Closed Ivy-ops closed 3 years ago
Hi! I have a similar question and I thought I will post it here... First, thank you for the amazing package, it is great!
I am working with soil samples, I have 120 samples and around 9,000 taxa, so much less taxa than the original question, but still it is crashing on my computer, so I am looking for a way to escape the limit error. I decided to subset my dataset by sample type, so I divided my dataset into 10. With 12 samples, it automatically removes the absent taxa in the subset, and it takes ~3h to run, but it runs! I am just wondering if this is correct? Or and I making a big mistake by sub-setting my data? I am not an expert in code, so I was wanted to check if this is OK.
Thank you so much,
Irene
Hey y'all! I was running into a similar problem as yours and so I wrote an alternate implementation of DivNet that can handle large datasets. I talked to @adw96 about this a long while back about releasing it, but never got it up on to GitHub until now.
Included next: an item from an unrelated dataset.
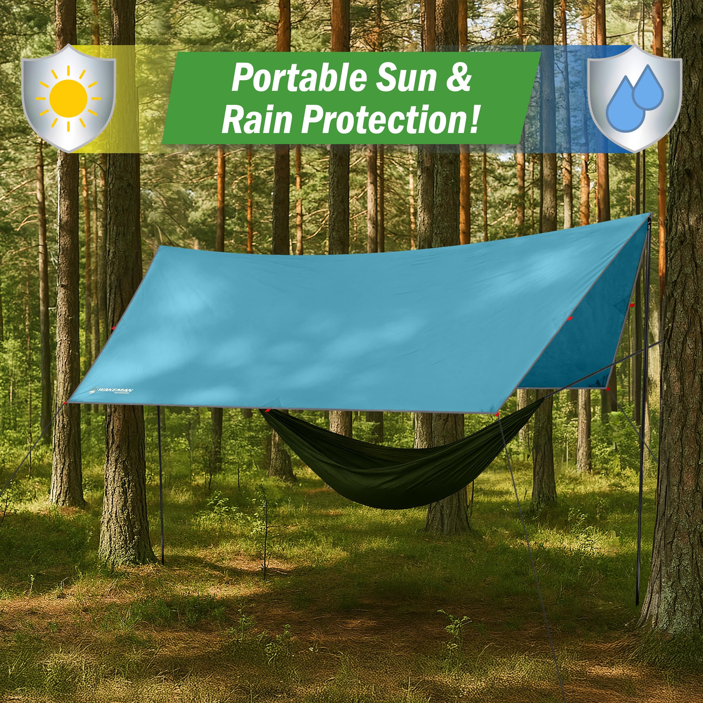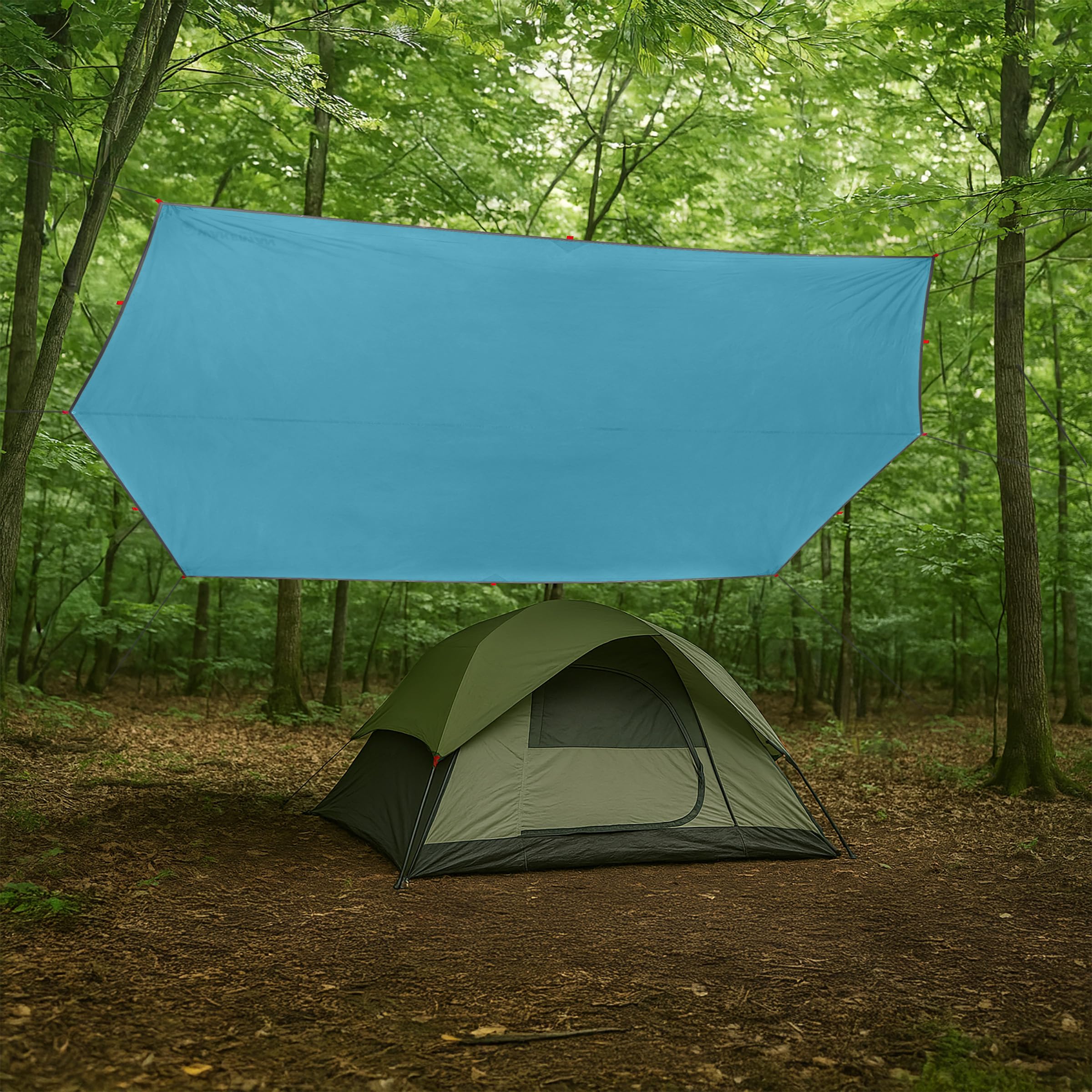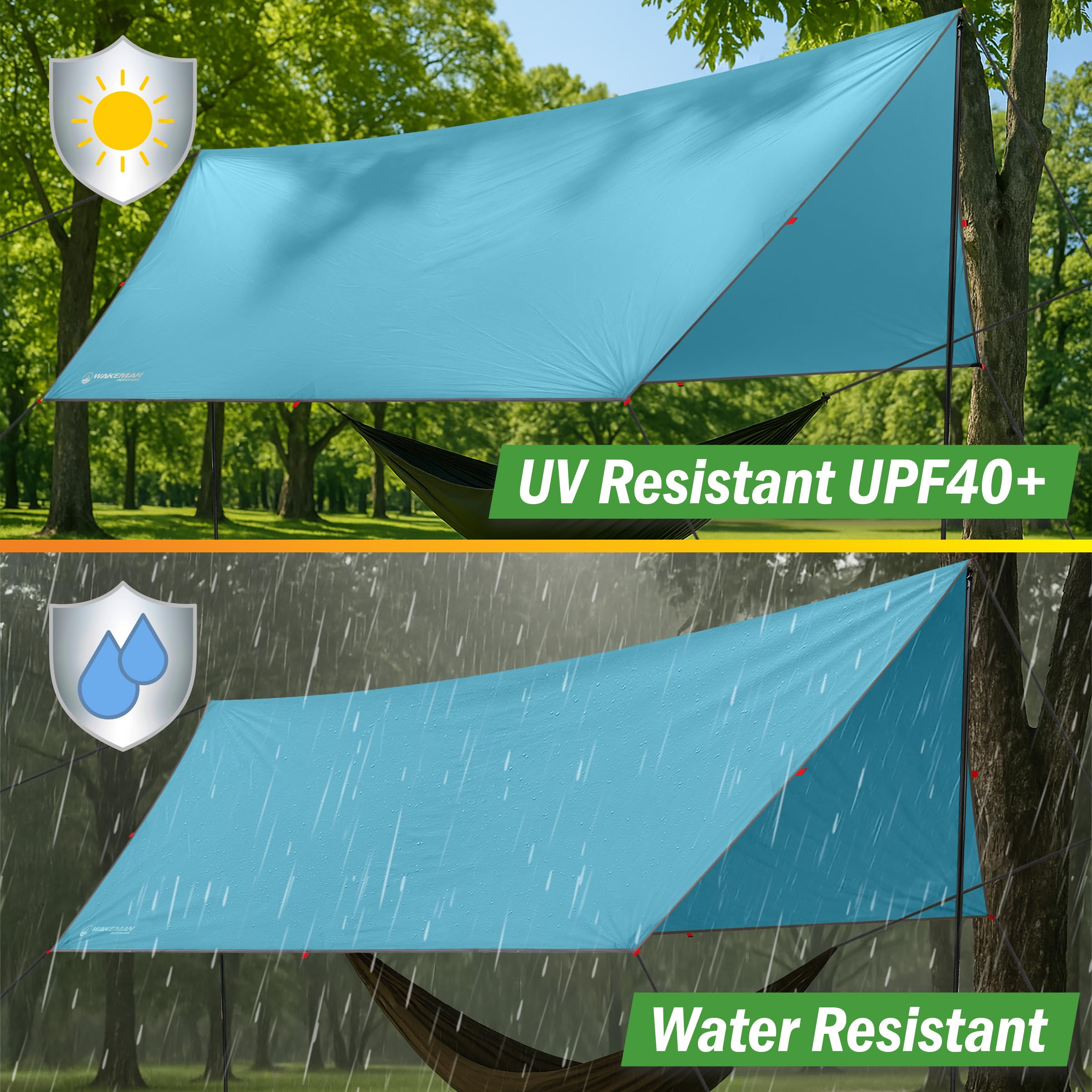 HEAVY DUTY TARP - The tent or hammock tarp is built to last from 150D ripstop oxford fabric with 3000mm PU water-resistance. Our 15x12ft camp tarp also functions as a UV tarp for sun protection, offering UPF40+ for a shady spot to lounge on a sunny day.

@MicroIrene, I have used on a dataset of ~10,000 ASVs with ~350 samples in a reasonable amount of time. @Ivy-ops, I haven't tried it on any dataset with >10,000 taxa, but it should work if you have access to a machine with enough RAM (and plenty of time).
Feel free to try it out. It isn't as easy to use as @adw96's awesome package, but it will crank through large datasets at least!
Hi @mooreryan ,
sorry for my slow reply, I have just seen this! Thank you very much for the this implementation! It sounds great, although a bit more complicated to run, but I will explore it. Thank you,
Irene
Hi, Thanks for this amazing package, very useful.
I have a phyloseq object with 67872 taxa and 59 samples. I tried
divnet_phyloseq <- divnet(W= my, base = 1, ncores = 4)
vector memory exhausted (limit reached?) May I know how to solve this problem? Thanks!!